Introduction

Welcome to another world, known as York. The following text is from a play-by-e-mail fantasy role playing game that I ran. It was the second of four such that I have on disk, and if motivation is sufficient, I'll put the whole cannon on this CD. It was written by many people that you will meet shortly. While technically I was the "Game Master" for this campaign, I tried to be more of a moderator. The text should be thought of as the script for a drama, not a book. If it reads a bit over-the-top or larger-than-life at times, recall that it is a fantasy role-playing game. All of us have interesting and full normal lives outside York, but you won't see much of that here. Occasionally bits of numbers will intrude. If you are familiar with Steve Jackson's GURPS (Generic Universal Role Playing System) you may be able to decode some of the short hand buried in the numbers. You don't have to know GURPS to enjoy reading this, and most of it is completely system neutral. Another occasional intrusion to the script will be comments from the players, as opposed to the characters. Think of it as things hecklers might mutter to each other, or that the producer and director backstage are saying to each other. Some of that text is to die for, so it too was left unchanged. Occasionally the characters will "talk" to the players or the narrator for humorous effect.

How To Read This Stuff

All of the text starts with a tag of who is saying it. If the HTML gods are with us, those tags are bold, underlined, and end in a colon: These will tend to always use the same tag for the same person with only rare exceptions to that rule. A character might be addressed as Dick, Richie, or things less printable, but when he speaks the tag will almost always say Sir Richard: The narrator is tagged this way as well.
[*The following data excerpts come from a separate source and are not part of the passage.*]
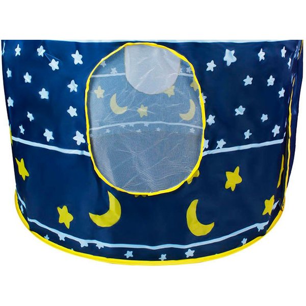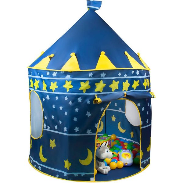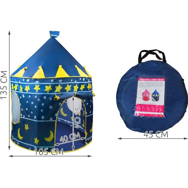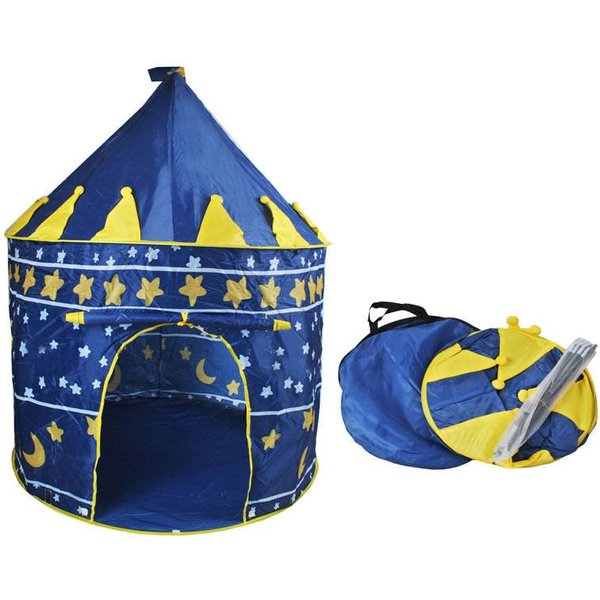 Namiot dla dziecka, który doskonale sprawdzi się w domu lub ogródku. Dzięki czemu maluch skorzysta z niego nie tylko gdy za oknem słońce, ale również w deszczową pogodę. Swoim wyglądem przypomina zamek, co pozwoli dziecku wejść do krainy wyobraźni i kreatywności. Bardzo łatwy w składaniu i rozkładaniu pozwoli szybko przetransportować go do domu w razie pogorszenia pogody. Wyposażony w dwa okienka z drobnej siatki oraz wejście, które odpinane jest na rzepy.
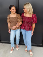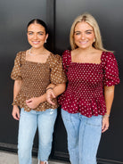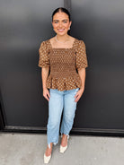 This puff half sleeve top features a delicate polka dot pattern and a woven fabric that combines comfort with timeless style. The smocked bodice offers a tailored fit, while the peplum hem adds a refined silhouette, perfect for elevating both casual and dressier looks with understated elegance.
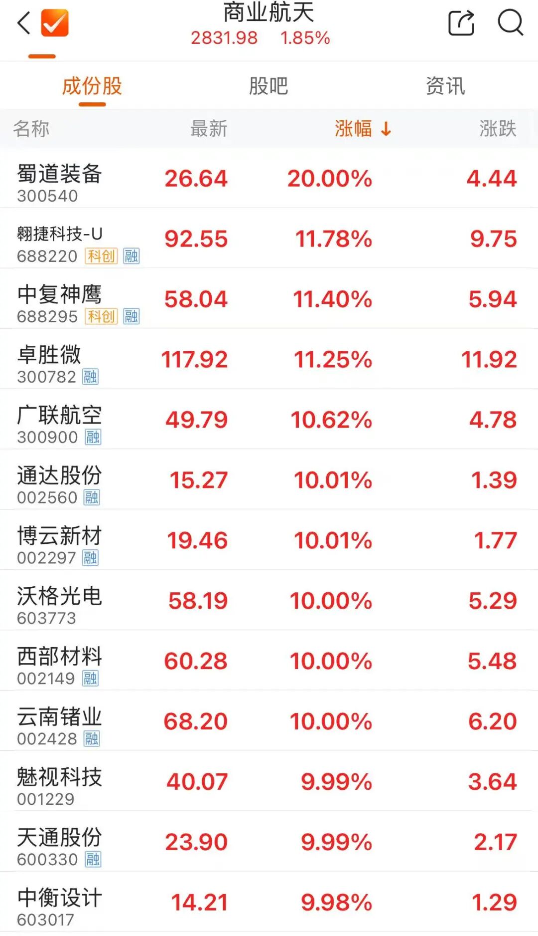 早盘,商业航天概念持续走高。蜀道装备“20cm”涨停,西部材料、中衡设计、魅视科技等多股涨停,中国卫星触及涨停,神剑股份一度冲高逼近涨停,广联航空、中复神鹰等涨幅靠前。
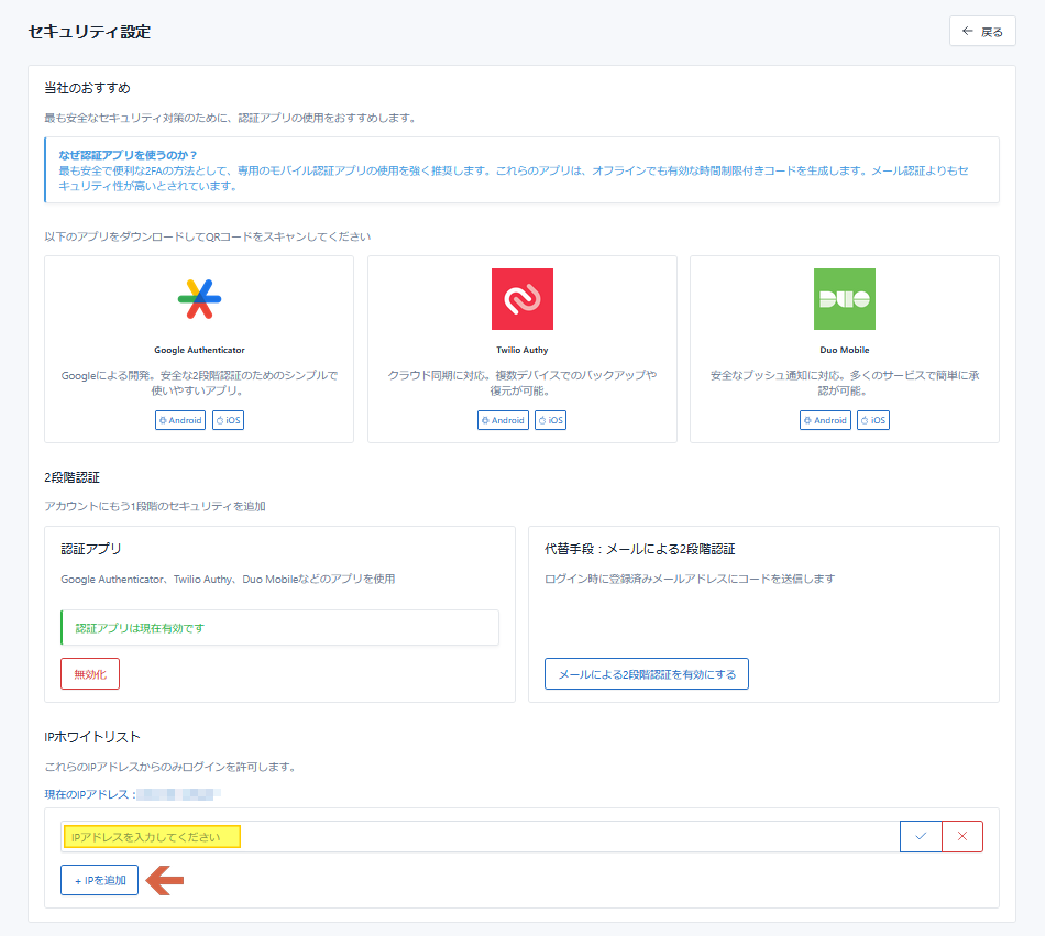 ◆ 「プロフィール」→[セキュリティ設定]→IPアドレスを入力→[+ IPを追加]

After the tag might come a short bit in square brackets helping the reader understand things that the text can not easily convey. The [unspoken] tag is the most common of these, it allows us to hear what is going on inside the head of the characters.

In the text will sometimes be longer comments to show action and expression. These will be in [square brackets] and again hopefully will be indented and set off by white space. At least it was when all this was plain text under UNIX when this all was written J.

The particular adventure, which I called "pbm2," is best read by starting with the threads of a major character, such as Richard or Blackbird. Her and Richard's threads do most of the story telling. Unfortunately, Jhereg and Gallilei (or Maia and Brennen for that matter) tend to provide most of the "why we are here, what we are doing" text early on. Having read them, the other threads will make more sense as they jump around and seem to teleport in and out of existence. This was a story of many authors. Not all of them were available, or motivated enough, or something to write a full thread for their character. "Minor" characters suffer this the worst.

Players (Who Wrote This Stuff, Anyway?)

We got together monthly for face-to-face GURPS gaming sessions as well as the ongoing email campaign. One of the facts we noted is that role-playing is richer in email and combat is more exciting in face-to-face.

Player Characters (Who Are We Writing About?)

Non-Player Characters of Note

Politics of York

I may put the BBY (Big Book of York) here. York is a confederation of independent duchies. Dukes are the most powerful level of nobility. Levels below that are titles in duchy specific fashions. Ducal families have psi powers, thus Sir Richard has them. There is a charter that holds the duchies together, it nearly blew up when people first encountered the morkons to the north.

Layout From here

The text was generated as files that were emailed among those with a character there. Like real life, and unlike a good book, many interesting characters did things at the same time in different places and came together and apart at whim. The text made for difficult reading in a linear fashion through the files. But with links, you can just follow a single character and see what happened to them. Another trip through you can see what happened to somebody else. You can even peek when someone sneaks off and come back to the character you were following without missing a word. The response from Dave when he read what Blackbird had been doing (under Sir Richard's nose very nearly) was, "wow!"